**Aim of the task**
Wherever "with" occurs in the entries, copy the line that holds it.

**Data for analysis**
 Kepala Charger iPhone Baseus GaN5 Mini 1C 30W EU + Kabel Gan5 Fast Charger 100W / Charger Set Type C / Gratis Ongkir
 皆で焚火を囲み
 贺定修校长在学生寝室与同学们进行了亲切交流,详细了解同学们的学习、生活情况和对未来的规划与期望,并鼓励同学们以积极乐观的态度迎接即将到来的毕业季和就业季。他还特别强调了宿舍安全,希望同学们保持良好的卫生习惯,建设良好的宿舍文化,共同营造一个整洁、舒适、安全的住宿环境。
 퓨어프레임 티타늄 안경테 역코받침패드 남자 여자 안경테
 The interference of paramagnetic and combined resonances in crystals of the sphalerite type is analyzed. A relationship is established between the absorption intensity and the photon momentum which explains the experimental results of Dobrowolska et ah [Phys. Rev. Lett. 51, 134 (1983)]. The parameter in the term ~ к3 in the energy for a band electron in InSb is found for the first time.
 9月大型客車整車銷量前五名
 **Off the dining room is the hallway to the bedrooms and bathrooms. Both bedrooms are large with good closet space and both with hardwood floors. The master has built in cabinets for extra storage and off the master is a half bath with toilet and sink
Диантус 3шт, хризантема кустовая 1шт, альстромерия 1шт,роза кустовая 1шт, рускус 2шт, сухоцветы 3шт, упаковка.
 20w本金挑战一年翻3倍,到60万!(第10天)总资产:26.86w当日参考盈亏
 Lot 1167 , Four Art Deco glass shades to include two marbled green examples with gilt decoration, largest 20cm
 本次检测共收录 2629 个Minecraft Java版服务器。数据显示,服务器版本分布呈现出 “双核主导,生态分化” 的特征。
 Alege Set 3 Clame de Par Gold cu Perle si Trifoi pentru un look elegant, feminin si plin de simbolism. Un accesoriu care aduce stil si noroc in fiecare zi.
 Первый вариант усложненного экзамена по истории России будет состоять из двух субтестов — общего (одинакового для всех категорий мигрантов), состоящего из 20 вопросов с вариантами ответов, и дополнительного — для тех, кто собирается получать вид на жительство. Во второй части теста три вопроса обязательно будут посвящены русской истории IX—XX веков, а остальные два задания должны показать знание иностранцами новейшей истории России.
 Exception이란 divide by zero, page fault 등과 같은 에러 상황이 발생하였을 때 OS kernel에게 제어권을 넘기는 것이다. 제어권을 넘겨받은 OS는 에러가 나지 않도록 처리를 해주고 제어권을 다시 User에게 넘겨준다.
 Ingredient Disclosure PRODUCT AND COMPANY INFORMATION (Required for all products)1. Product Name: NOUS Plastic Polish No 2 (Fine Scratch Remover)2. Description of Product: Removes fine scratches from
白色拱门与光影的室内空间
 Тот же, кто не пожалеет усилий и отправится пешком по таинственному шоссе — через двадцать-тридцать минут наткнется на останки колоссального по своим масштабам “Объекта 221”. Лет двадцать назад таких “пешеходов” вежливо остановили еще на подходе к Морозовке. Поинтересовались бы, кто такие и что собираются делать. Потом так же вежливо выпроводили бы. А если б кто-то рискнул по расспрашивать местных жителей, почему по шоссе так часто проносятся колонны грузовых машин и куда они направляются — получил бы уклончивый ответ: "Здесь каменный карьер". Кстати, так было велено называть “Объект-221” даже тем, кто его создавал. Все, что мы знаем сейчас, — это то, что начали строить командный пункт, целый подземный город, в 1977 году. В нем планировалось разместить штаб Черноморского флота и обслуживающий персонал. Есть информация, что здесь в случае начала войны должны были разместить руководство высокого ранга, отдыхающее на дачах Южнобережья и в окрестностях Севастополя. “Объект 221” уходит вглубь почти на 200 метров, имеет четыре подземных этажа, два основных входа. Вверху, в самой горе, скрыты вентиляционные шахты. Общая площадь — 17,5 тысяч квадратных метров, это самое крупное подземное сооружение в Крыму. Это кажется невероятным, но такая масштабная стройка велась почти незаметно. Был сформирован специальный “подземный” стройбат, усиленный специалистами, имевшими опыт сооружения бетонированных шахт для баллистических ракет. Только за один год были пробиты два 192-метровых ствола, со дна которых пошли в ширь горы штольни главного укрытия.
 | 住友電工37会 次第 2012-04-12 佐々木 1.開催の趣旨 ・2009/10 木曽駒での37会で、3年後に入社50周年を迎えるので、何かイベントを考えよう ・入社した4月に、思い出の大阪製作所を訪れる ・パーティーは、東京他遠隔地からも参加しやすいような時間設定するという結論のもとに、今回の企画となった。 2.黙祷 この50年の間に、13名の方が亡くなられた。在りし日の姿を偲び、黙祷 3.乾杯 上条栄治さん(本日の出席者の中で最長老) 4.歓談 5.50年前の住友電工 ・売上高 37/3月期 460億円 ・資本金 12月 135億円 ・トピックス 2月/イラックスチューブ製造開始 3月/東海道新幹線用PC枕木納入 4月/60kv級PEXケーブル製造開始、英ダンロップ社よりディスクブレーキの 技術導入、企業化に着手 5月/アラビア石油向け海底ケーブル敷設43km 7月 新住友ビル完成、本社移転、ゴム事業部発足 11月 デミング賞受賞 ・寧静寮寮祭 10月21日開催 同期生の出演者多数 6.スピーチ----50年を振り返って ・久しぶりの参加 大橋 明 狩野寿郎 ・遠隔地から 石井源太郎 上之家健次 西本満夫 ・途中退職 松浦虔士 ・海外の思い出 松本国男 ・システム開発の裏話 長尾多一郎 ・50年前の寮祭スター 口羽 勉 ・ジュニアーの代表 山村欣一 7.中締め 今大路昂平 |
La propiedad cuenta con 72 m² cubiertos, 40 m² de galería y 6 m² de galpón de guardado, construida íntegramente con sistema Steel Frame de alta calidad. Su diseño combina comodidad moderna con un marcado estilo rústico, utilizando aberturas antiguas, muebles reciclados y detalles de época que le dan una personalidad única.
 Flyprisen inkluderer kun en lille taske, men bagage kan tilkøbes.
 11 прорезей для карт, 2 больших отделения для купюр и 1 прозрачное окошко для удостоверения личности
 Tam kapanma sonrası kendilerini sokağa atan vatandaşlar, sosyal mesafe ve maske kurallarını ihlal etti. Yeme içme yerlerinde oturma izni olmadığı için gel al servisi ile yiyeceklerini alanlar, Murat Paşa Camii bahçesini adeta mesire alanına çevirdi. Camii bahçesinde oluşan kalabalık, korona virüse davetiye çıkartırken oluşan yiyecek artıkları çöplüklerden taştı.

**Response for this exercise**
 **Off the dining room is the hallway to the bedrooms and bathrooms. Both bedrooms are large with good closet space and both with hardwood floors. The master has built in cabinets for extra storage and off the master is a half bath with toilet and sink
 Lot 1167 , Four Art Deco glass shades to include two marbled green examples with gilt decoration, largest 20cm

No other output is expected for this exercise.